Available data:
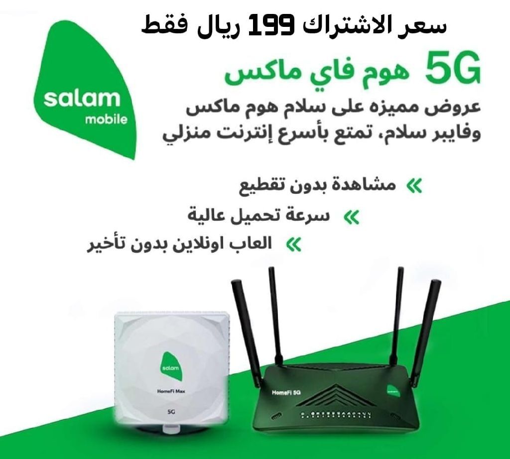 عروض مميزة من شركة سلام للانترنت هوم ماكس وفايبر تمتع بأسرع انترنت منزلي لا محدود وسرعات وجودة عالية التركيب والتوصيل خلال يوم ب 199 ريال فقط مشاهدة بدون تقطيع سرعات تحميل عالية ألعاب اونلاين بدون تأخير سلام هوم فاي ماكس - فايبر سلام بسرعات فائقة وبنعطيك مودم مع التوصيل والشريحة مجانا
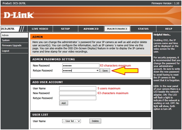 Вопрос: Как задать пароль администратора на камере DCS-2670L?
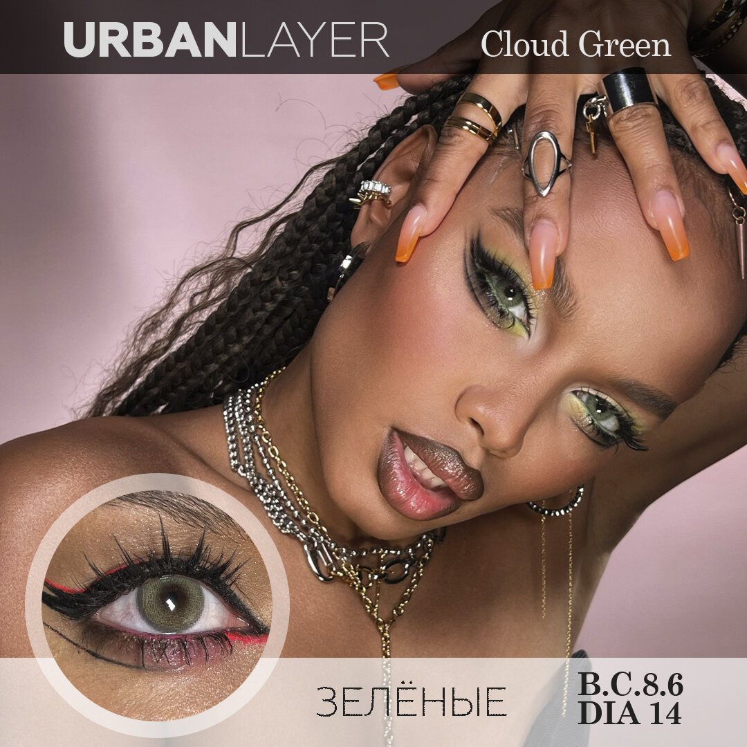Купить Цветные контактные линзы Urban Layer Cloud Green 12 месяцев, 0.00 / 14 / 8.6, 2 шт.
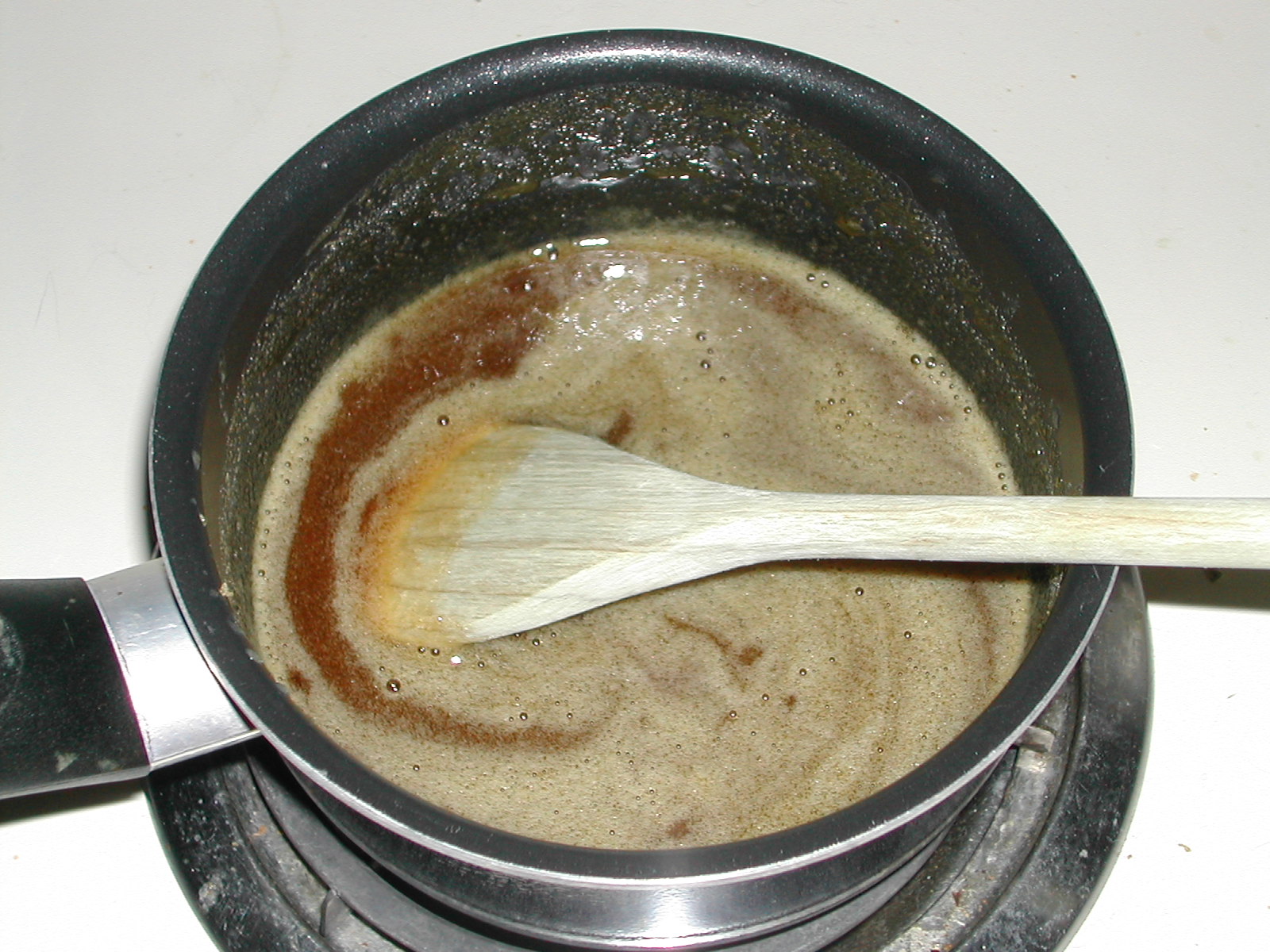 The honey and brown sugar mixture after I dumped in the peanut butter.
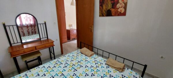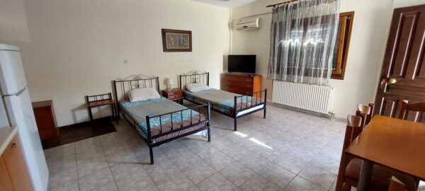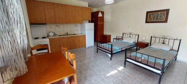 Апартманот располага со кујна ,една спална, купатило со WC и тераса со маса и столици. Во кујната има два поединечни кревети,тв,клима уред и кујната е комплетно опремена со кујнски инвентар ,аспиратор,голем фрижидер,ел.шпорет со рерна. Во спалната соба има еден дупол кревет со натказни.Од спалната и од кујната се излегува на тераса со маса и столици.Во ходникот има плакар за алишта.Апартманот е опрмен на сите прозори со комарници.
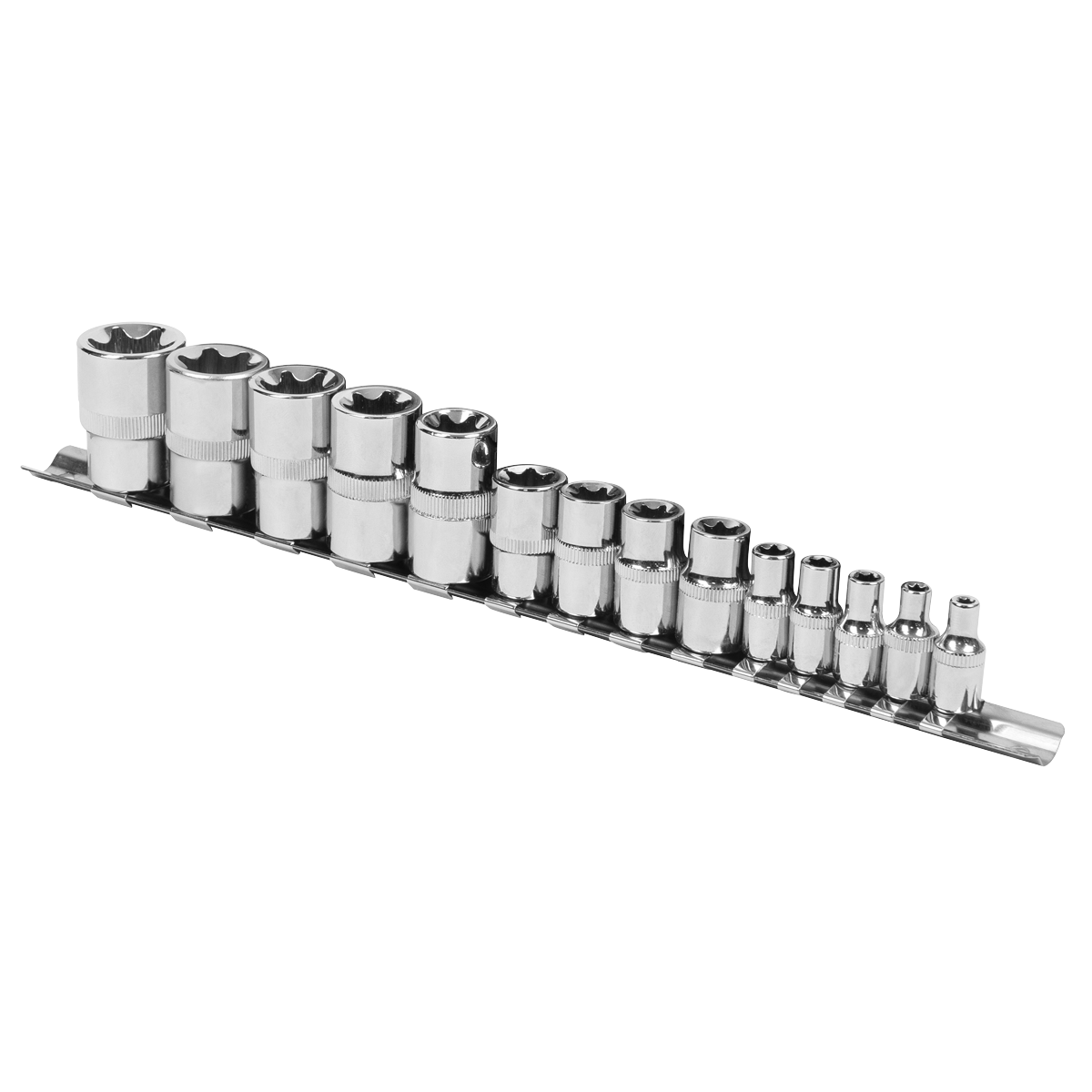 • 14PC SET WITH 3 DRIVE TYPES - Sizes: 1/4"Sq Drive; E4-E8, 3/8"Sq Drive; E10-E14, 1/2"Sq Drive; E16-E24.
==
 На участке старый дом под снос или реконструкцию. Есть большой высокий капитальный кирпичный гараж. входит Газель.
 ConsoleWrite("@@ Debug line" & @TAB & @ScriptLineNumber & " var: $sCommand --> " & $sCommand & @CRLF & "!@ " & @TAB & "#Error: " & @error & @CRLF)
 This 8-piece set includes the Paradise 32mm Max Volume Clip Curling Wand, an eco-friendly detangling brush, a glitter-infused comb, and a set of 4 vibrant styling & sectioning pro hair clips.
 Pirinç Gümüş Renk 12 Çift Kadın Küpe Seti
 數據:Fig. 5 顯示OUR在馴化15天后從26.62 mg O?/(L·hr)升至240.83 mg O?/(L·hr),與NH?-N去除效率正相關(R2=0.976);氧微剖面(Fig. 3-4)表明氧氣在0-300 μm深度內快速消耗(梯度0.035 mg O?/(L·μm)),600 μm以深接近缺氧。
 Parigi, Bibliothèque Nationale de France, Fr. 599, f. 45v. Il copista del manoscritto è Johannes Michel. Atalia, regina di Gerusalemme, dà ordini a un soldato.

Exercise goal: Take the material above and output only the lines from the one that contains "عروض مميزة من" through the one that contains "Купить Цветные контактные", ends included and images left out.

Answer to this task:
 عروض مميزة من شركة سلام للانترنت هوم ماكس وفايبر تمتع بأسرع انترنت منزلي لا محدود وسرعات وجودة عالية التركيب والتوصيل خلال يوم ب 199 ريال فقط مشاهدة بدون تقطيع سرعات تحميل عالية ألعاب اونلاين بدون تأخير سلام هوم فاي ماكس - فايبر سلام بسرعات فائقة وبنعطيك مودم مع التوصيل والشريحة مجانا
 Вопрос: Как задать пароль администратора на камере DCS-2670L?
Купить Цветные контактные линзы Urban Layer Cloud Green 12 месяцев, 0.00 / 14 / 8.6, 2 шт.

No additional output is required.